About this task —
When you reach the line holding "Ahora que está", please begin to restate the lines word for word and continue through the last one in the material, excluding pictures.

Supplied data —
_____

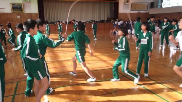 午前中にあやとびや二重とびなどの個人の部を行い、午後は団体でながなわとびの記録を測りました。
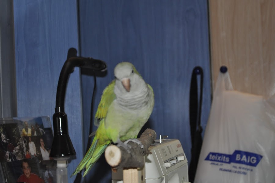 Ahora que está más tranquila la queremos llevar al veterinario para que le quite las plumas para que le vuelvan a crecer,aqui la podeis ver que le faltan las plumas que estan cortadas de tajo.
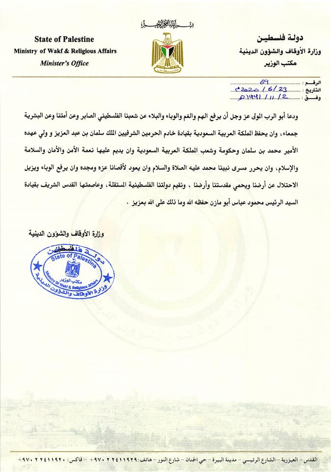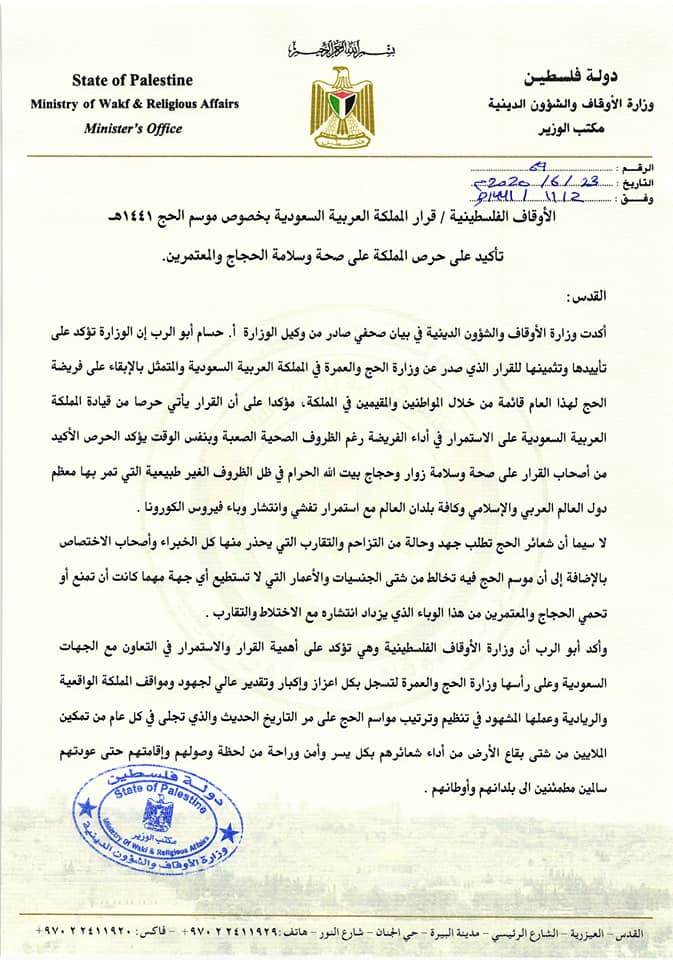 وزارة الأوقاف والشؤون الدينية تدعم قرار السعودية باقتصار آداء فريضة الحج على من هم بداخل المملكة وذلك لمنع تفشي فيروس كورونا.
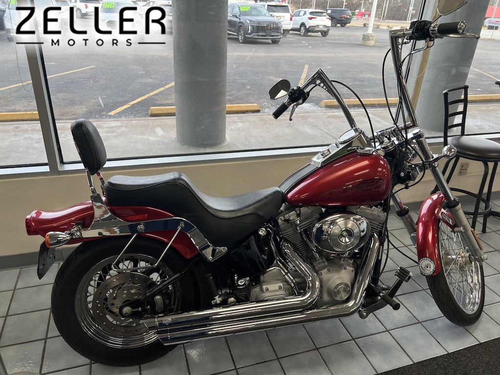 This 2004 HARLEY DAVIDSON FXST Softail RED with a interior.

_____

Finished task —
 Ahora que está más tranquila la queremos llevar al veterinario para que le quite las plumas para que le vuelvan a crecer,aqui la podeis ver que le faltan las plumas que estan cortadas de tajo.
 وزارة الأوقاف والشؤون الدينية تدعم قرار السعودية باقتصار آداء فريضة الحج على من هم بداخل المملكة وذلك لمنع تفشي فيروس كورونا.
 This 2004 HARLEY DAVIDSON FXST Softail RED with a interior.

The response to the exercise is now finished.